§ **About this exercise**: Starting at the first line of the data and ending at the line with "Neujahr Sylvester New", copy each line exactly. Include both of those lines, but no pictures.

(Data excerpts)

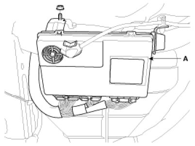 5. Remove the body control module (A) after loosening 1 bolts and disconnecting connector.
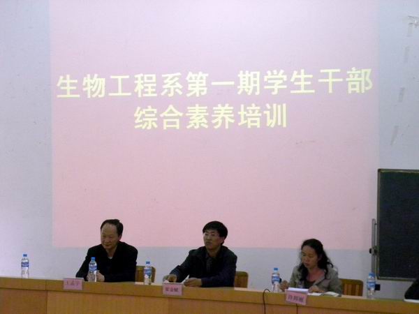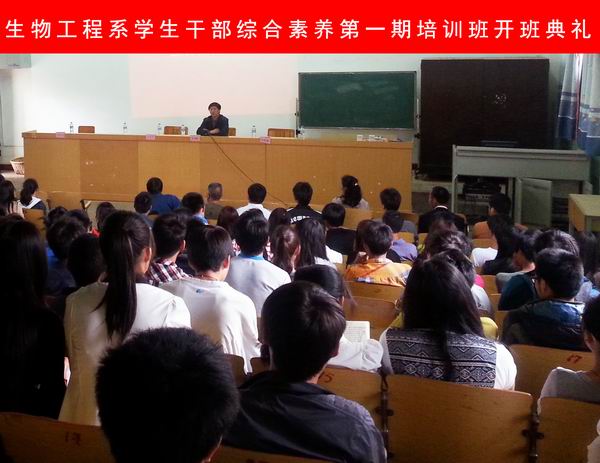 2013年5月6日,經過緊張的籌備,精心的組織,生物工程系學生干部第一期綜合素養培訓班在小哨校區農藝樓階梯教室正式開班。生物工程系特邀學院黨委書記崔金賦同志出席開班儀式,并請崔書記為學生做了專題講座。
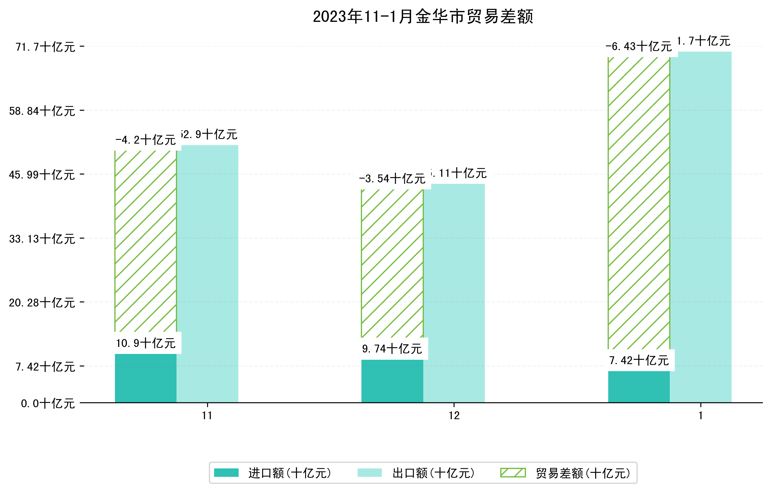 以人民币计,2023年1-1月金华市贸易差额为642,7917,1381万元(贸易顺差),相比上年同期增加了32,5893,0099万元,同比增加5.34%。
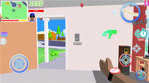 根据攻略,进入游戏后可以先选单人模式,在房间内随便逛逛,甚至还能睡觉。外面的世界更有意思,你可以用木棒、枪支之类的工具打人,但杀太多人会被警察抓,所以要跑得快点。地图上有各种店铺的位置,比如武器店,方便你去买东西。
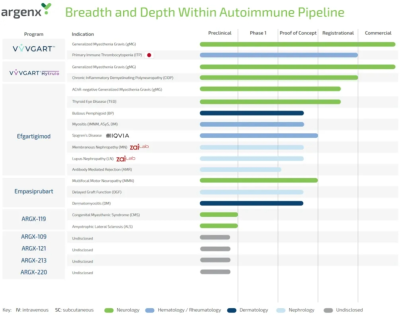 除此以外,Argenx希望將艾加莫德的商業化或臨牀开發工作拓展到15項適應症,包括甲狀腺眼病(TED)、大皰性類天皰瘡(BP)、原發性幹燥綜合徵(pSS)、新冠肺炎後體位性心動過速綜合徵(PC-POTS)、膜性腎病(MN)、狼瘡性腎炎(LN)、尋常型天皰瘡和落葉型天皰瘡(PV和PF)、特發性炎症性肌病、ANCA相關性血管炎(AAV)、抗體介導的排斥反應(AMR)等。
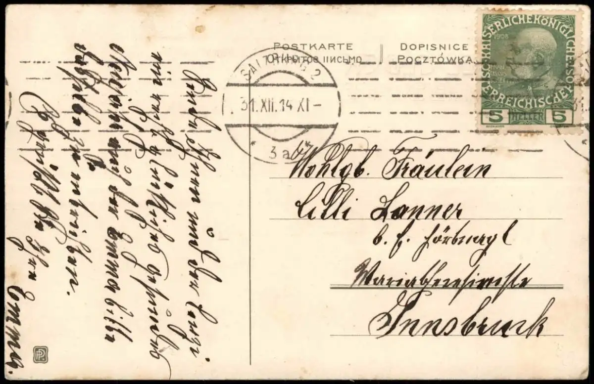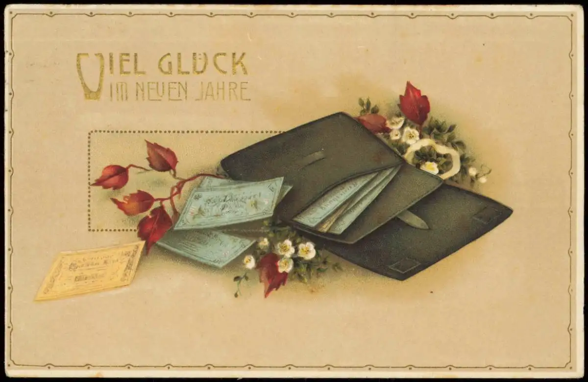 Neujahr Sylvester New Year Geldbörse Geldscheine Misteln 1914 Gold
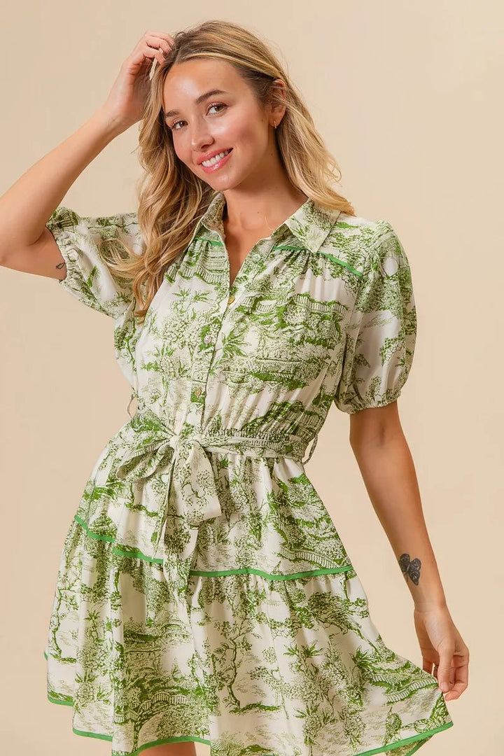 A woven printed tiered dress typically features multiple layers (tiers) of fabric that create a layered look. The dress is made from a woven fabric, which means that it is constructed by weaving threads together. The printed design adds visual interest to the dress. This style is often flowy and feminine, making it a popular choice for a variety of occasions. You can pair it with sandals for a casual look or dress it up with heels for a more formal event. Features: Buttoned, Tiered, Belted, Pocketed Stretch: No stretch Body: Not lined Material composition: 100%POLYESTER Care instructions: Machine wash cold. Tumble dry low. Imported Product measurements: S:Bust 34-36 in, Waist 26-28 in M:Bust 37-38 in, Waist 29-31 in L:Bust 39-40 in, Waist 32-33 in XL:Bust 41-42 in, Waist 34-35 in
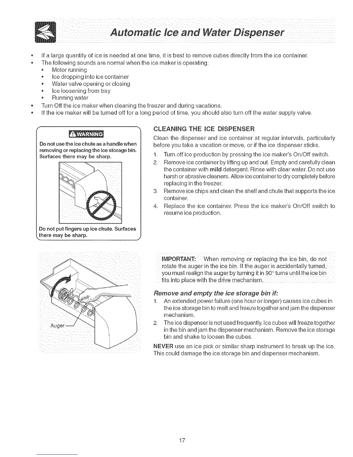 rotate the auger in the ice bin. If the auger is accidentally turned,

§ **Solution for this task**:
 5. Remove the body control module (A) after loosening 1 bolts and disconnecting connector.
 2013年5月6日,經過緊張的籌備,精心的組織,生物工程系學生干部第一期綜合素養培訓班在小哨校區農藝樓階梯教室正式開班。生物工程系特邀學院黨委書記崔金賦同志出席開班儀式,并請崔書記為學生做了專題講座。
 以人民币计,2023年1-1月金华市贸易差额为642,7917,1381万元(贸易顺差),相比上年同期增加了32,5893,0099万元,同比增加5.34%。
 根据攻略,进入游戏后可以先选单人模式,在房间内随便逛逛,甚至还能睡觉。外面的世界更有意思,你可以用木棒、枪支之类的工具打人,但杀太多人会被警察抓,所以要跑得快点。地图上有各种店铺的位置,比如武器店,方便你去买东西。
 除此以外,Argenx希望將艾加莫德的商業化或臨牀开發工作拓展到15項適應症,包括甲狀腺眼病(TED)、大皰性類天皰瘡(BP)、原發性幹燥綜合徵(pSS)、新冠肺炎後體位性心動過速綜合徵(PC-POTS)、膜性腎病(MN)、狼瘡性腎炎(LN)、尋常型天皰瘡和落葉型天皰瘡(PV和PF)、特發性炎症性肌病、ANCA相關性血管炎(AAV)、抗體介導的排斥反應(AMR)等。
 Neujahr Sylvester New Year Geldbörse Geldscheine Misteln 1914 Gold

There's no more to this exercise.